Conference: CVPR 2025
arXiv: 2603.12751
Code: None
Area: Object Detection / Robotics
Keywords: Novel Object Detection, Human Demonstration Videos, Self-Supervised Learning, Robotic Manipulation, Open-Set Detection

TL;DR¶

This paper proposes the "Show, Don't Tell" paradigm, which automatically creates training datasets by watching human manipulation demonstration videos to train specialized object detectors for identifying novel objects. It completely bypasses the reliance on language descriptions or prompt engineering in traditional methods, significantly improving the performance of manipulating object detection and recognition on real-world robotic systems.

Background & Motivation¶

Background: Robots need to quickly identify and detect novel objects during task execution. Current mainstream methods rely on closed-set object detectors (such as pre-trained object detection models), which often fail when facing out-of-distribution (OOD) objects. Although open-set detectors (such as VLMs) occasionally succeed, they require expensive and tedious manual prompt engineering to uniquely identify novel object instances.

Limitations of Prior Work: Closed-set detectors cannot generalize to unseen objects. While open-set detectors offer some flexibility, they face two key issues: (1) they require humans to provide precise language descriptions to distinguish object instances, a process that is time-consuming and error-prone; (2) language descriptions themselves are inherently ambiguous, making it difficult to precisely refer to specific objects.

Key Challenge: Utilizing language as an intermediate medium for object recognition presents fundamental limitations—for objects that have complex appearances or are difficult to describe precisely in words, textual descriptions struggle to capture all visual details to uniquely identify them.

Goal: (1) Eliminate the reliance on language descriptions and prompt engineering; (2) automatically generate training data using human demonstration videos; (3) rapidly train specialized detectors for task-specific objects.

Key Insight: The authors observe that human demonstration videos inherently contain rich visual information about the objects to be manipulated. Instead of using language to "tell" the detector what to look for, it is better to directly "show" it using videos.
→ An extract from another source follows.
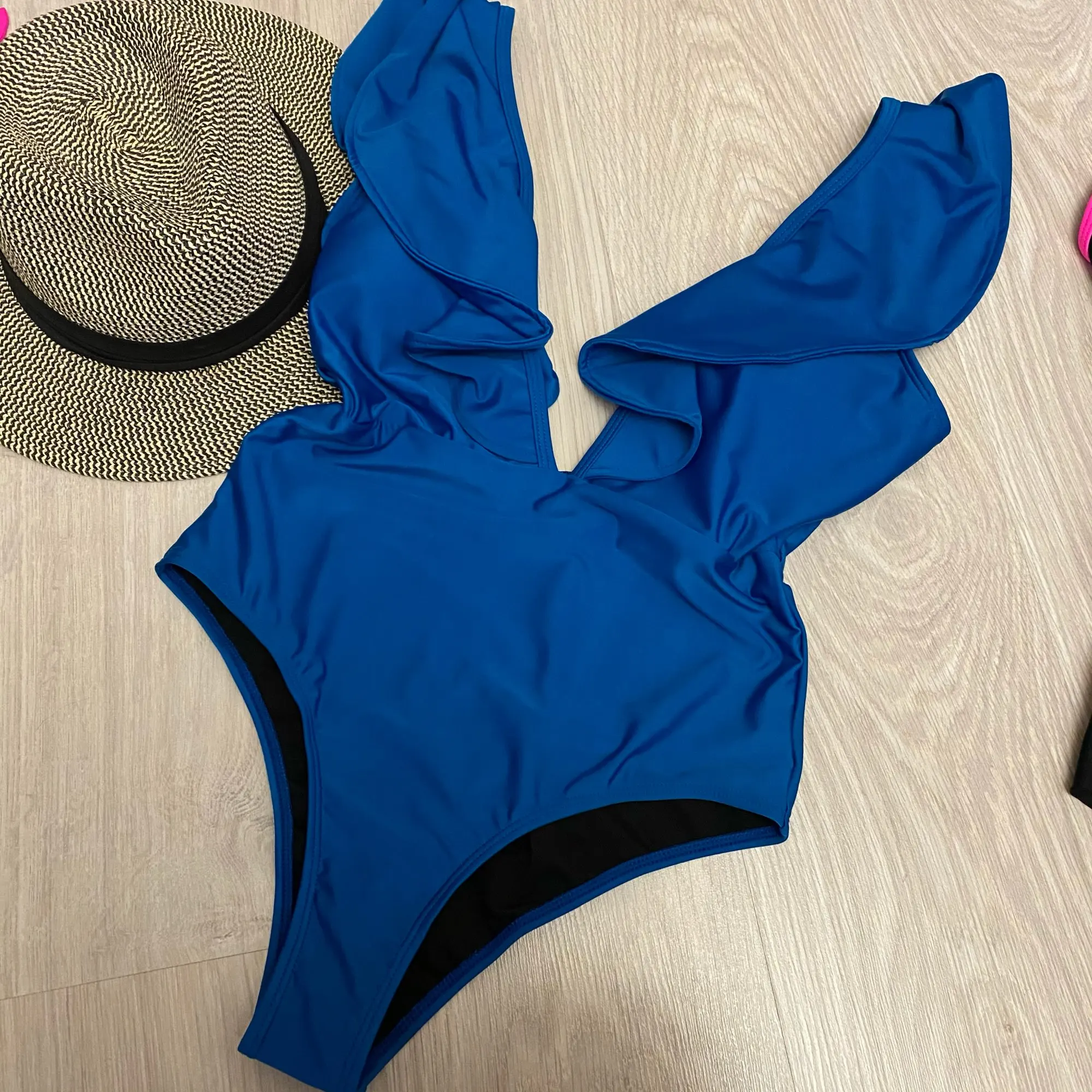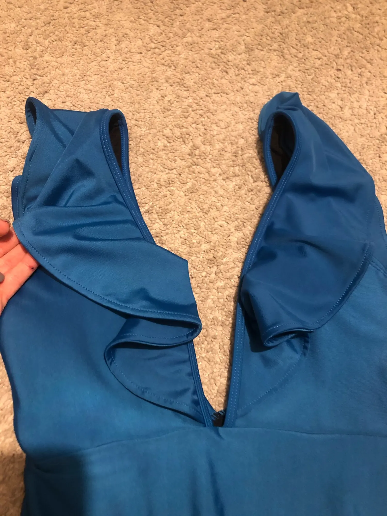 Очень красивый купальник. Ткань плотная Гладкая прекрасно тянется и не просвечивает. На 88 – 60 – 94 рост 172 см подошел идеально. Ткань прекрасно тянется. Есть подкладка. В груди есть вкладки. Рюша двойная прекрасно держит форму. Пошив Фабричный.
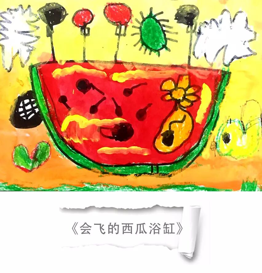 多多的西瓜变成了一个漂亮的西瓜鱼缸,一颗颗西瓜籽变成了在鱼缸里自由自在游泳的小蝌蚪。鱼缸上面还飘着热气球,正带着小蝌蚪去环游世界呢!

Core Idea: Automatically create labeled training datasets from human demonstration videos to bypass language descriptions and directly train specialized detectors for task-related objects, realizing the new paradigm of "Show, Don't Tell."

Method¶

Overall Architecture¶

The overall pipeline of the system is: input a human task demonstration video → automatically extract and annotate regions of the manipulated objects from the video → train a specialized object detector using these automatically generated annotation data → deploy the detector on a real-world robot for object recognition and task execution.

Key Designs¶

Automatic Dataset Creation Module:
- Function: Automatically extract and annotate object instances from human demonstration videos.
- Mechanism: Utilize motion information and visual cues in the video to automatically identify object regions manipulated by human hands. By tracking hand movements and object interactions, diverse visual samples of the objects under different viewpoints and lighting conditions are extracted, automatically generating bounding box annotations. This approach covers multiple viewpoints and pose variations of the object, providing rich positive samples.
- Design Motivation: Human demonstration videos naturally contain the complete process of objects being grasped, moved, and placed. These frames themselves constitute a high-quality dataset of object appearances, requiring no additional manual annotation effort.
Specialized Object Detector Training:
- Function: Rapidly train a task-specific object detection model using the automatically created dataset.
- Mechanism: Train or fine-tune a lightweight detection network with the automatically generated annotations as supervision signals. The training objective is to enable the detector to distinguish specific object instances appearing in the demonstrations. By limiting the detection scope to task-relevant objects, the detector can converge quickly with high accuracy.
- Design Motivation: Unlike general open-set detectors, the specialized detector only needs to recognize a limited number of specific objects, allowing it to achieve high accuracy with minimal data and computational overhead.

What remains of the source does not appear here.